TASK ITEM:
Among the entries that follow, locate the line with "Готовые куриные отбивные" and the line with "In unserem Fantasy". Output those lines and all lines in between, exactly, minus the pictures.
*** MATERIAL PROVIDED Section Begins ***
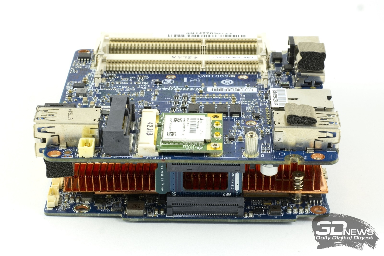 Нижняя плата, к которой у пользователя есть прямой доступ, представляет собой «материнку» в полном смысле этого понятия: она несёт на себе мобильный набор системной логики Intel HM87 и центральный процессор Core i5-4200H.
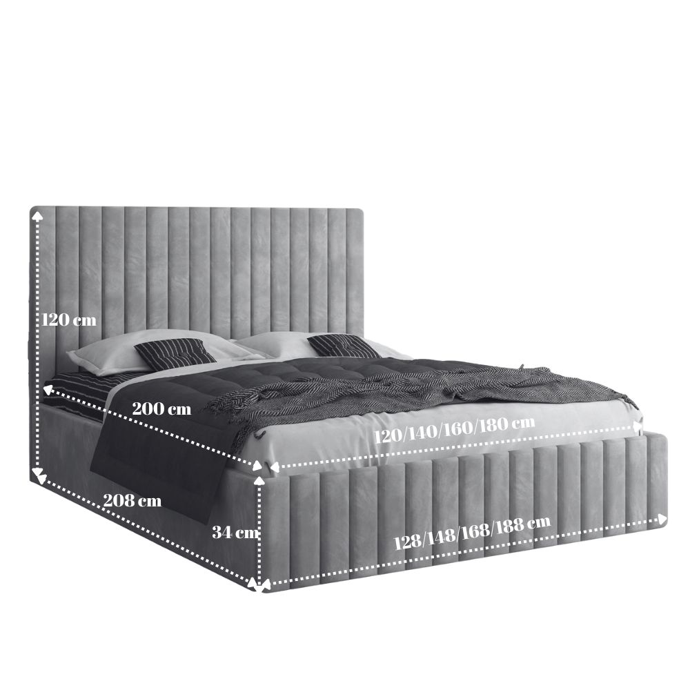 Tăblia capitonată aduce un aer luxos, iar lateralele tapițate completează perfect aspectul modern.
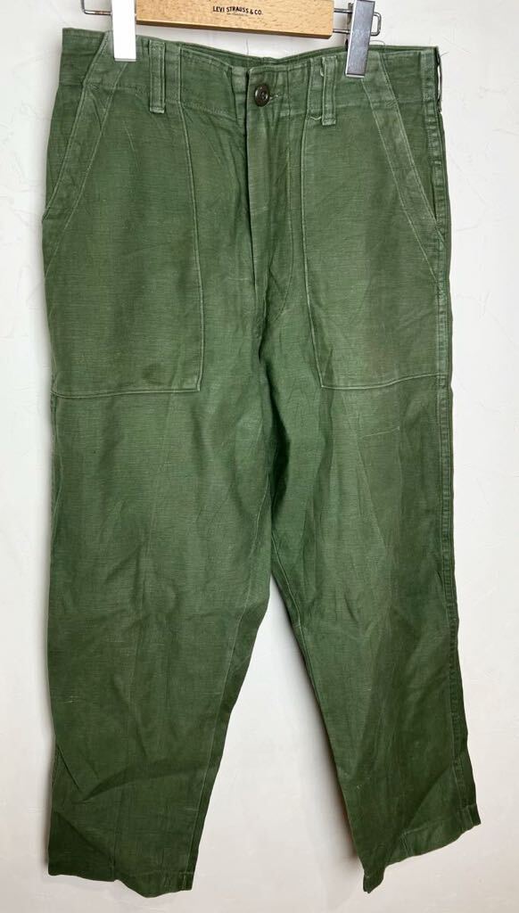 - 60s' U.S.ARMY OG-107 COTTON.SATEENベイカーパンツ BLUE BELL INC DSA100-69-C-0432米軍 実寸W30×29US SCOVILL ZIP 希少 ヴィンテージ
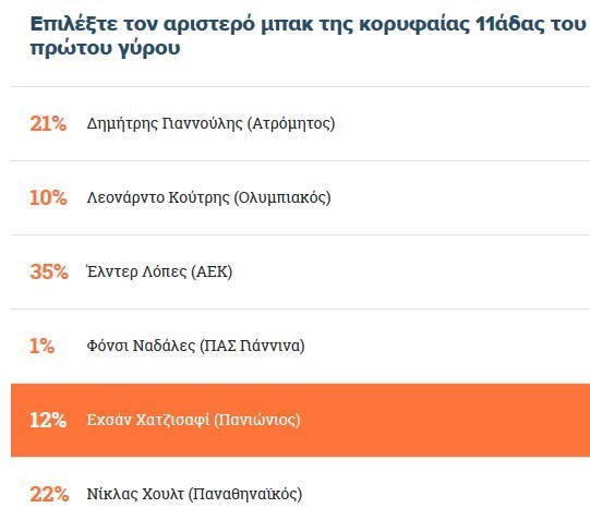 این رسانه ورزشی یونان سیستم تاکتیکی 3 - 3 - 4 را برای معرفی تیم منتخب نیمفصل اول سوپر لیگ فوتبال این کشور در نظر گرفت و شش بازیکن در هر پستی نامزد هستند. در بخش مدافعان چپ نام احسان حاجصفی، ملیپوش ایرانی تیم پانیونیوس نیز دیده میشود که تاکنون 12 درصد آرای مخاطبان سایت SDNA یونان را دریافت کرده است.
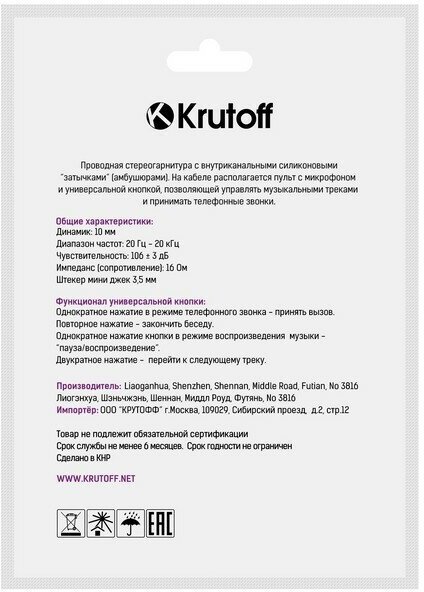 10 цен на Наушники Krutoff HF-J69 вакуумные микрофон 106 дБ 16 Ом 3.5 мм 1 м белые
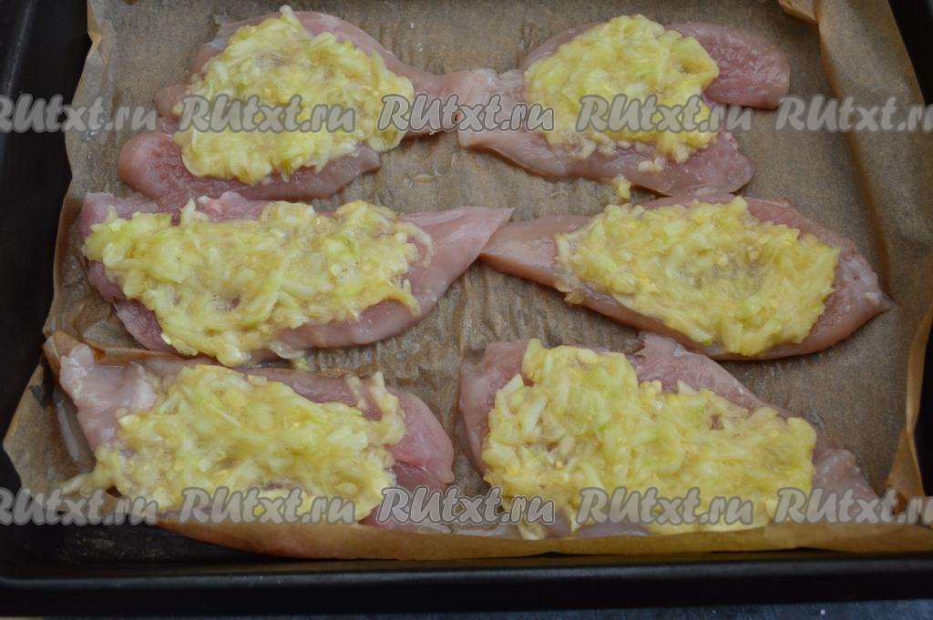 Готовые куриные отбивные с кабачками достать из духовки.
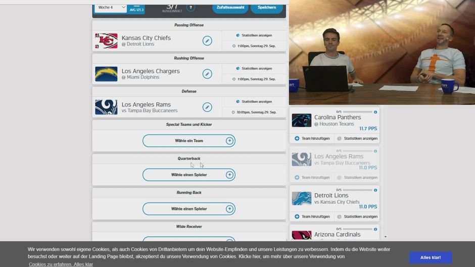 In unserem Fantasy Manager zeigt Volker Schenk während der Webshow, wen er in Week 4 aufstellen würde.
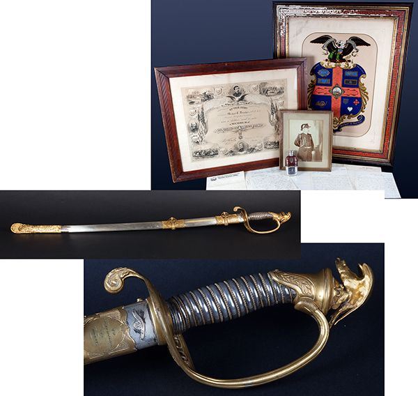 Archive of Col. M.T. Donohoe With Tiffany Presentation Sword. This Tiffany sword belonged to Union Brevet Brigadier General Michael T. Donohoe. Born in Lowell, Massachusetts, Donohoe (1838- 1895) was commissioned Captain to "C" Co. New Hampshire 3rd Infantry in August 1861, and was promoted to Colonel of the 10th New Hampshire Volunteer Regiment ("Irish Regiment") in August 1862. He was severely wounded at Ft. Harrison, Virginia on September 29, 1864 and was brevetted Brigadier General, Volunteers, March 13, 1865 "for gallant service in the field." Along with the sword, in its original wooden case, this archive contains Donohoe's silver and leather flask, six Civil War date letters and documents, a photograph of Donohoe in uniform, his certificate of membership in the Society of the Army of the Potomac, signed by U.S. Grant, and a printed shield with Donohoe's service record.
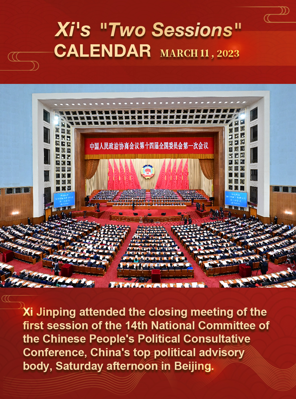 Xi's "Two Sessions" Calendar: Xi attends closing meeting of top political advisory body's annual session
*** MATERIAL PROVIDED Section Ends ***
REPLY TO THE EXERCISE:
 Готовые куриные отбивные с кабачками достать из духовки.
 In unserem Fantasy Manager zeigt Volker Schenk während der Webshow, wen er in Week 4 aufstellen würde.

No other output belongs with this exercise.